Denaturing (7 M urea) and non-denaturing (no urea) 20% polyacrylamide gels were prepared in a standard Tris–borate–EDTA (TBE) buffer (pH 8). The oligonucleotide samples (100 μM) were annealed as described in the ‘Circular dichroism spectroscopy and melting curve analysis’ subsection. A mixture of 10–100-nt ssDNA fragments (low molecular weight marker, Affymetrix) was used as a control. The gels were run for 2 h at 200 V at room temperature with a standard 1× TBE running buffer (for denaturing gels) or 1× TBE with 10 mM KCl (for non-denaturing gels), stained with SYBR Gold (Thermo Fisher Scientific, USA) and analysed using a Gel Doc scanner (Bio-Rad, USA).

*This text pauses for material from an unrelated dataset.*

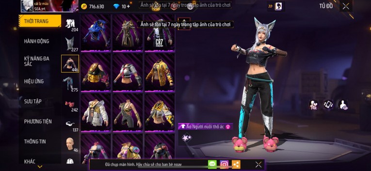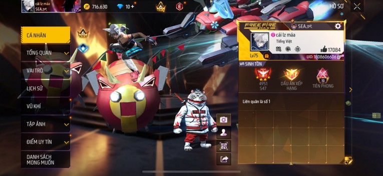 Acc chơi lâu, nhiều skin súng xịn, đầy đủ áo và phụ kiện nam. Đồ đủ dùng, đẹp mắt – vào chơi là chiến ngay! Phù hợp anh em thích skin đẹp, súng mạnh, acc ổn định.
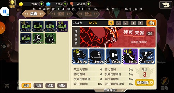 而我选择的这些怪,都是可以做三幻神用的到的怪,列如,合一零式=梵,钢铁=冥龙,圣光=白昼,且这3个怪本身的技能就跟三幻神很相似,封印技能,领域,加血,所以之前的阵容,可以理解为,简易版国家队。

Nuclear magnetic resonance (NMR) spectroscopy

For nuclear magnetic resonance (NMR) spectroscopy, ONs were dissolved in 20 mM Tris–HCl buffer (pH 7.6) containing 0, 10 or 20 mM KCl. D₂O was added to each sample to a final concentration of 10% for lock signal stabilization. The final ON concentration was 100 μM. All the spectra were obtained using a Bruker Avance III 500 MHz NMR spectrometer (Bruker, Billerica, MA, USA) equipped with a Prodigy TCI cryogenic triple channel inverse probe. The ¹H chemical shifts were measured relative to an external standard, namely, tetramethylsilane. The 2D DOSY (diffusion) and common 1D proton spectra with water suppression were measured (the stimulated echo pulse sequence with bipolar gradient pulses was used) (32,33). The water signal in both the 1D and 2D DOSY spectra was suppressed by the WATERGATE pulse sequence with five pairs of symmetric gradients in all the acquired spectra (125 ms delay for binomial water suppression for 1D spectra, 20 ms delay for binomial water suppression for 2D DOSY spectra, and 200 ms delay for gradient recovery) (34). 2D DOSY spectra were acquired with 100 ms big delta. NMR data processing and analysis were performed using a Bruker TopSpin v.3.2 and Mnova 10 software.

Molecular modeling

3D models of the G4 dimers were created using a previously reported strategy (35) and available PDB data for a related 3-tetrad parallel G4 structure (PDB 2MB2). Terminal T residues and loops were removed; the G4 cores were positioned manually in head-to-tail (models 1, 2 and 4), head-to-head (model 3) or side-by-side (models 5 and 6) orientations. In models 3 and 4, the G-tracks were shifted to allow for single-nucleotide interlocking, and then, the connecting loops were added. After each step, the structure was subjected to molecular-mechanical optimization to eliminate possible van der Waals overlapping. The optimizations were performed using the Sybyl-X program [https://support.certara.com/software/molecular-modelling-and-simulation/sybyl-x/] and Powell's method (36) with the following settings: a non-bonded cut-off distance of 12 Å, 1000 iterations, simplex method for initial optimization, energy gradient convergence criterion of 0.05 kcal.mol^−1.Å⁻¹. The effect of the medium was taken into account by using a dielectric constant of 4. The final optimization of each structure was performed via 1.5 ns of molecular dynamics (also using Sybyl-X and the AMBER7FF99 force field) at T = 300 K.

RESULTS AND DISCUSSION

Design of G4 oligonucleotides

In this study, we aimed to clarify whether the basic internal features of quadruplex units predetermine multimerization in a condition-dependent manner and analysed blunt-ended G4 motifs, each comprising four G3/G2 tracks interrupted by short or relatively short non-G tracks (loops). Such motifs, particularly those with single-nucleotide loops, are abundant in the human genome (37,38) and are often colocalized with chromosomal fragile sites (4).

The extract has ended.